[Supplied material]
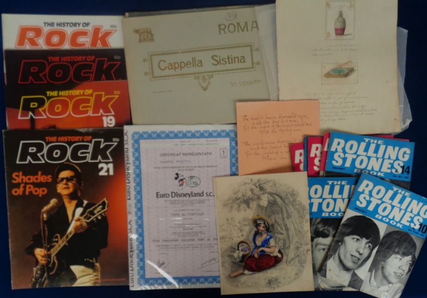 Ephemera, a large collection of assorted items to include a Kate Greenaway (?) large silk, Victorian scraps and cards, Paris Inonde 1916 (Art Nouveau booklet showing 32 images of the Paris Floods), a Bertram Mills jigsaw puzzle, 21 copies of The History of Rock magazine (1980s), a collection of match box lids and match books and much more (gen gd)
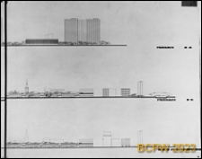 Title: Projekt urbanistyczny ośrodka usługowego na terenie Placu Społecznego we Wrocławiu - Konkurs SARP nr 363 : praca nr 8, wyróżnienie II stopnia. Zdj. 6, Przekroje
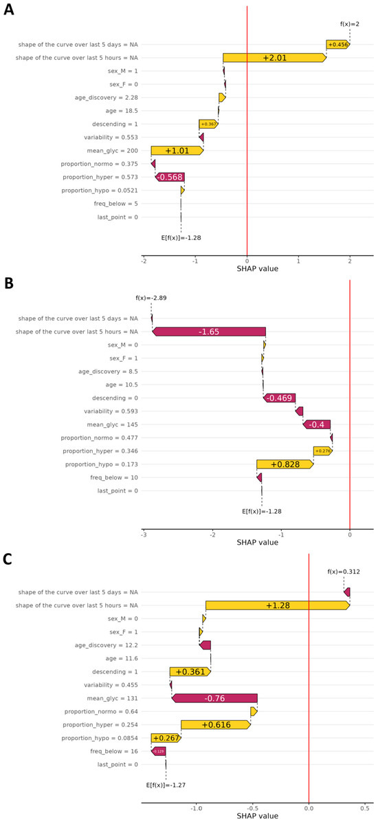 Waterfall plots illustrate the individual impact of each parameter on the final prediction of the SH model, based on SHAP values. In the upper part, Panel A, the plot shows contributions for true positive predictions (correctly identified SH). In the middle part, Panel B, the plot corresponds to true negatives (correct predictions of no SH). In the lower part, Panel C, it shows false positives (predicted SH event that did not occur). The X-axis represents the SHAP value, indicating how much each parameter contributes (positively or negatively) to the model’s decision for a given prediction. The Y-axis lists the glycemic parameters used in the model. A positive SHAP value drives the prediction toward SH, while a negative value shifts it away from that outcome.
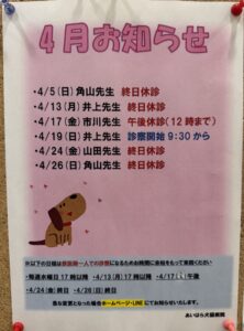 狂犬病予防接種やフィラリア検査シーズンとなり混雑が予想されます。
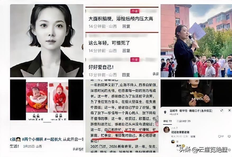 谁能想到呢?山西运城icon32岁女教师悦悦,12月24日突发大面积脑梗去世。据说她于12月22日冬至发布的最后一条视频, 呼吁大家早回家早睡,过好这个节气。 她说:“冬至这天要吃饺子,吃了饺子才有精神。还有汤圆,象征团团圆圆。冬至这天还要好好睡一觉,睡好了才能有精神工作。” 她继续说:“冬至不听劝,来年新坟起。” 悦悦有两个女儿,一个5岁,一个半岁。 她是一名人民教师,工作繁忙,还兼职班主任和教研组长,负责科目教学和学生管理,工作压力可想而知。 她的突然离世,让人痛心疾首!也是给我们敲响了警钟! 都说“慢下来,心静下来,想清楚,让生活回归本质。”可是,现实呢? 人们普遍都喜欢“快”,快餐、快递、快捷酒店……甚至有人喜欢“火速”“火爆”“热门”,这仿佛是一种攀比,一种优越,一种快速发展的标志! 可是,有没有人想到,这样的“快”带来的后果,是让人猝不及防的,是让人痛心疾首的,是让人后悔莫及的! 生活可以“慢”一些,让我们看清脚下的路;工作可以“慢”一些,让我们从容不迫,不留遗憾;节奏可以“慢”一些, 让我们关注一下自己的身心健康,让我们陪伴亲人在身边多一些…… 生活不易,且行且珍惜! 大家说对吗?
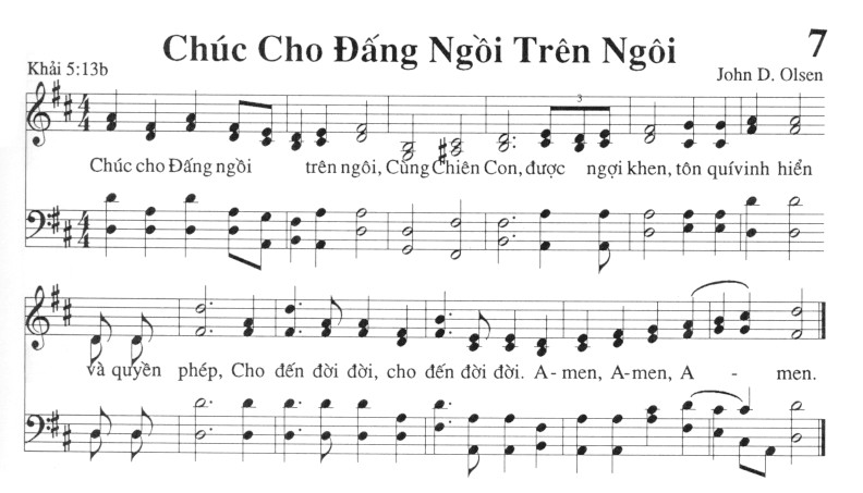 1. Chúc cho Đấng ngồi trên ngôi, Cùng Chiên Con, được ngợi khen, tôn quí vinh hiển và quyền phép, Cho đến đời đời, cho đến đời đời. A-men, A-men, A-men.
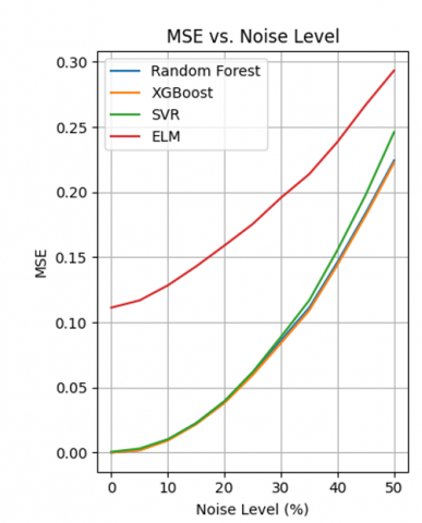The MSE, RMSE, MAE and R² curves in Figure 5 allow us to assess the robustness of four models (Random Forest, XGBoost, SVM, ELM) to different levels of Gaussian noise.
[/Supplied material]
Task to carry out:
Lines from the one containing "让我们关注一下自己的身心健康,让我们陪伴亲人在身边多一些…… 生活不易,且行且珍惜! 大家说对吗?" through the end of the listing, both included, are to be restated exactly, and pictures are to be left out.

Result for this task:
 谁能想到呢?山西运城icon32岁女教师悦悦,12月24日突发大面积脑梗去世。据说她于12月22日冬至发布的最后一条视频, 呼吁大家早回家早睡,过好这个节气。 她说:“冬至这天要吃饺子,吃了饺子才有精神。还有汤圆,象征团团圆圆。冬至这天还要好好睡一觉,睡好了才能有精神工作。” 她继续说:“冬至不听劝,来年新坟起。” 悦悦有两个女儿,一个5岁,一个半岁。 她是一名人民教师,工作繁忙,还兼职班主任和教研组长,负责科目教学和学生管理,工作压力可想而知。 她的突然离世,让人痛心疾首!也是给我们敲响了警钟! 都说“慢下来,心静下来,想清楚,让生活回归本质。”可是,现实呢? 人们普遍都喜欢“快”,快餐、快递、快捷酒店……甚至有人喜欢“火速”“火爆”“热门”,这仿佛是一种攀比,一种优越,一种快速发展的标志! 可是,有没有人想到,这样的“快”带来的后果,是让人猝不及防的,是让人痛心疾首的,是让人后悔莫及的! 生活可以“慢”一些,让我们看清脚下的路;工作可以“慢”一些,让我们从容不迫,不留遗憾;节奏可以“慢”一些, 让我们关注一下自己的身心健康,让我们陪伴亲人在身边多一些…… 生活不易,且行且珍惜! 大家说对吗?
 1. Chúc cho Đấng ngồi trên ngôi, Cùng Chiên Con, được ngợi khen, tôn quí vinh hiển và quyền phép, Cho đến đời đời, cho đến đời đời. A-men, A-men, A-men.
The MSE, RMSE, MAE and R² curves in Figure 5 allow us to assess the robustness of four models (Random Forest, XGBoost, SVM, ELM) to different levels of Gaussian noise.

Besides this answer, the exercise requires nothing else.